According to Speciality Brands’ Tom Bartram, about 400 have gained CRM certification to market their products legally – but there are thousands of ‘palenques’ [small distilleries] out there that haven’t. 

Exported brands are all certified. 

Over at Ilegal Mezcal, a brand that is selling in the US, the UK, Italy and Australia, its co-owner Stephen Myers says production standards are high and his mezcal is heavily regulated by the CRM, who are present during bottling time.

The blueprint for mezcal is Ron Cooper’s Del Maguey. The brand launched so long ago Cooper owns the domain name mezcal.com, and has pushed the idea of Single Village mezcals, and now inexpensive variants for mixing. His brand is a pathfinder to the recent slew of quality-driven brands. Qui Qui Ri Qui, a spin off from the Mezcaleria pop-up bar in London, is one. “When I started the brand in 2012 there were only four or five brands in London – now it is double that,” says creator and director of the brand Melanie Symonds. 
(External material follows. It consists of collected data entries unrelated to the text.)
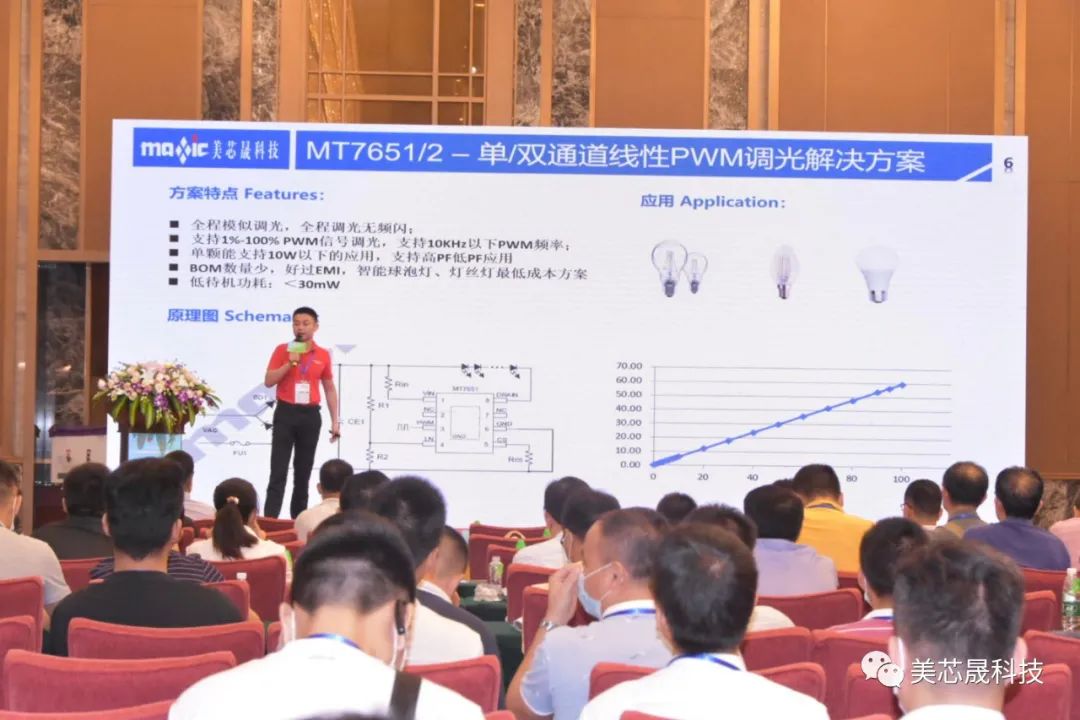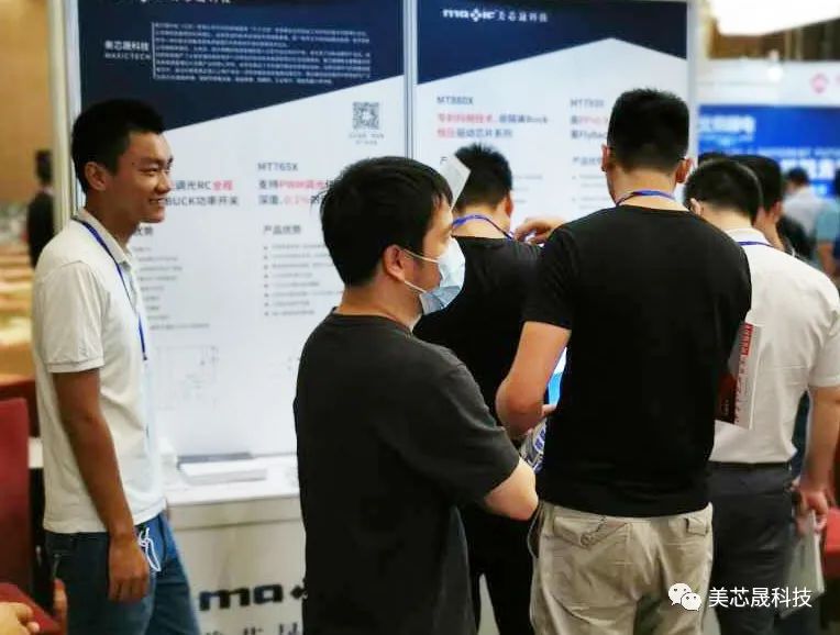 美芯晟科技中山办工程师们热情的接待每一位到展台的观众,专业耐心的讲解美芯晟本次会议展示的新产品,其中包括高PF非隔离MT951X/2X/3X/4X、高PF隔离MT7939/38,低PF非隔离MT777X、新欧标线性方案MT7618N,双压线性MT7608,智能调光MT971X、MT765X,以及供电芯片MT880X系列等。
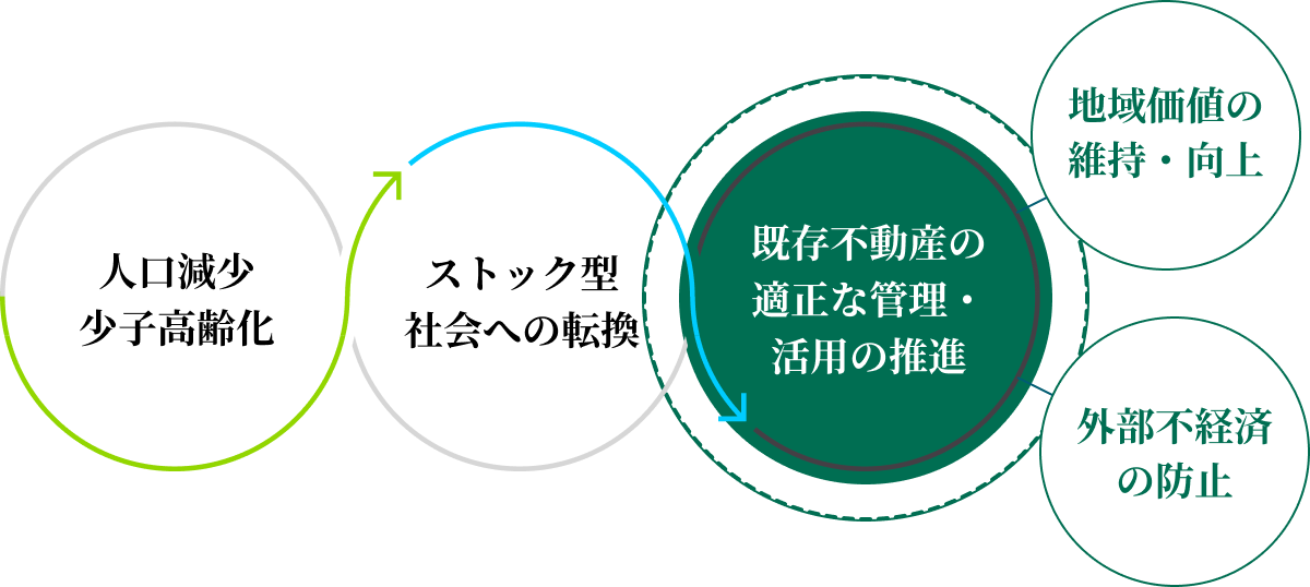 少子高齢化・人口減少が進展するなか、持続可能な地域の未来を創ることが求められています。地域は不動産の集合体ですが、いま、全国で、空き家や空き地、老朽化マンションなど、管理の担い手不足が顕著な不動産が急増し、不動産の再生や最適な活用、周辺への危害等を防止するための取組が喫緊の課題となっています。
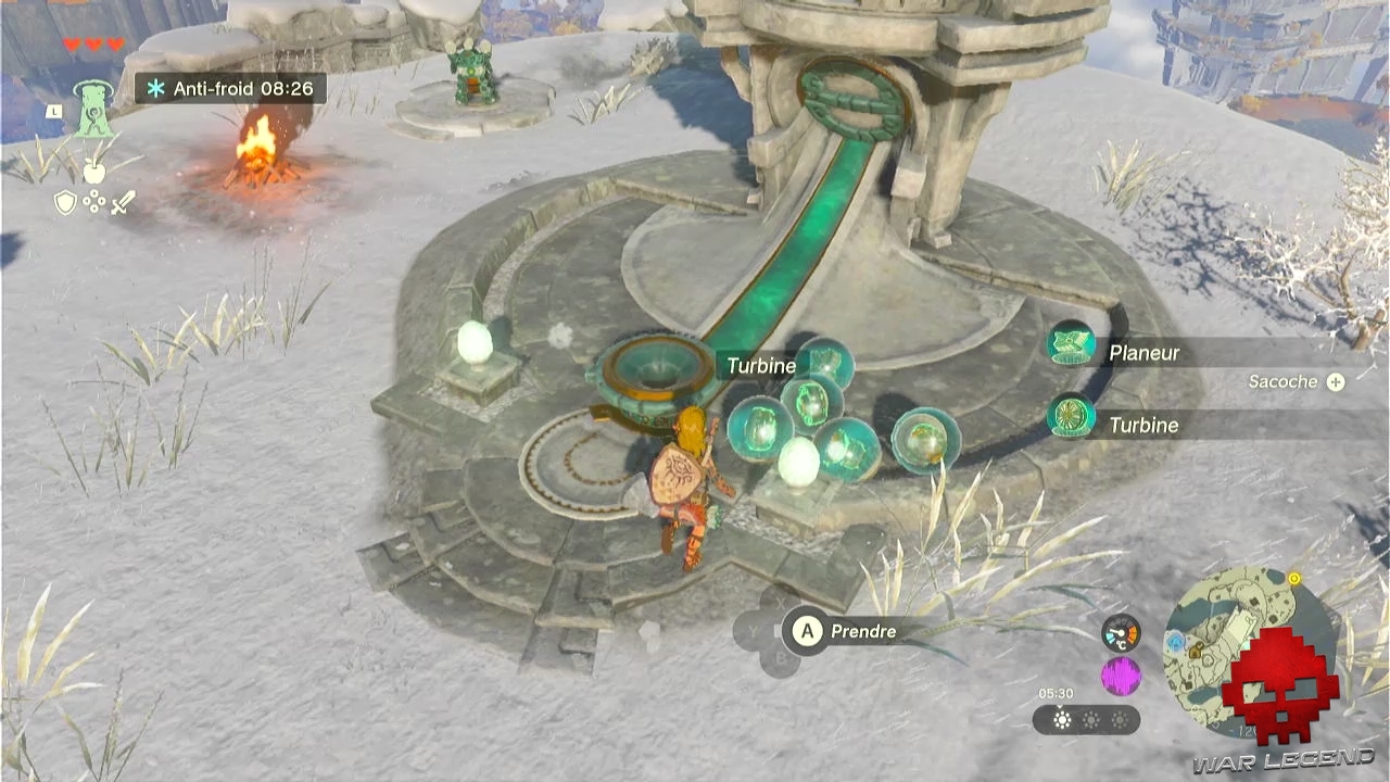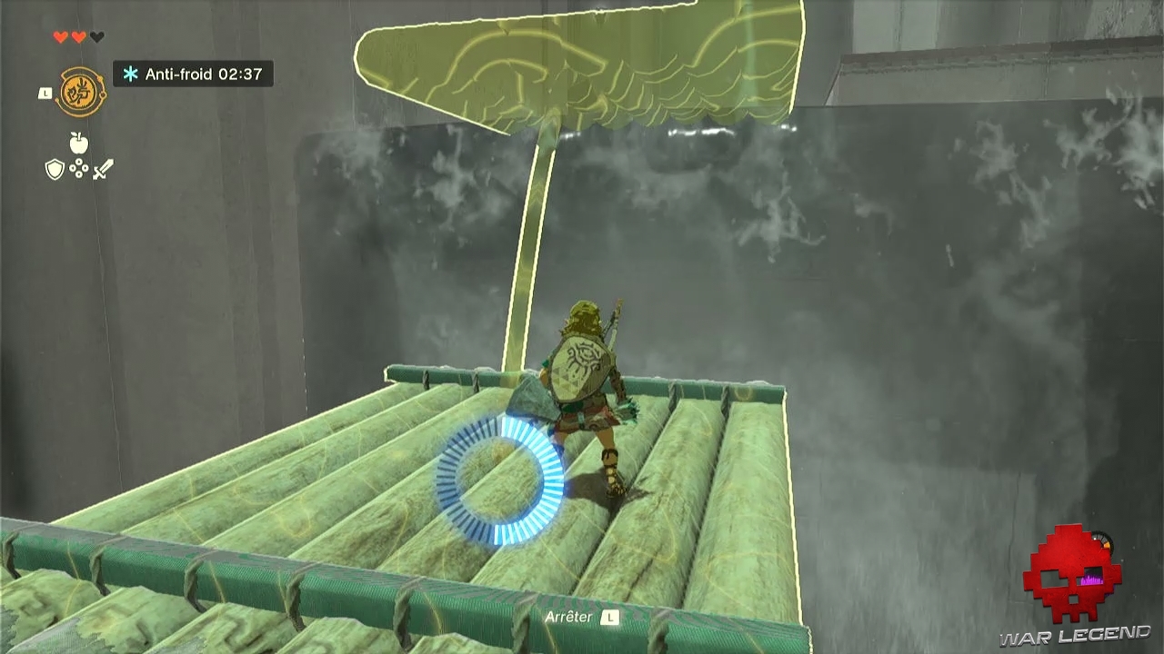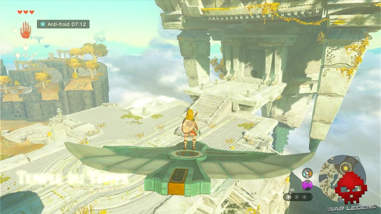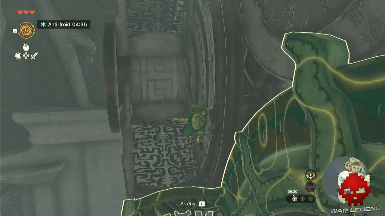 N’ayez pas peur de bien pencher le planeur en avant pour plonger vers le Temple du Temps. Si la trajectoire n’est pas satisfaisante, voire dangereuse, utilisez Rétrospective comme mesure d’urgence sur le planeur, et recommencez sereinement.

“It’s great that there are more brands out there – I want the category to grow but I am concerned how it grows.” Because mezcal can fetch high prices (Illegal starts at $45 and runs to $100 for its anejo) industrial operators have entered the mix. “I am anti the industrial factories,” says Symonds.

Just as in tequila, industrial mezcals tend to favour steaming agave, rather than roasting. Myers says there is a clear difference between the two styles. “The proof is in the pudding. Industrial vs artisanal is apples and oranges. Tequila ran away with that with mixto but people are now moving to 100% agave.”

Ron Cooper has coined the phrase “you don’t find mezcal, mezcal finds you”. But if the spirit is to make a lasting, not fleeting, impression, it will have to find itself first. If mezcal can offer big-flavour, hand-crafted production with ecological credentials, it could continue to be the cool cousin of 100% agave tequila. After hundreds of years in the wilderness, mezcal needs to grow some roots. Only then will longevity be assured.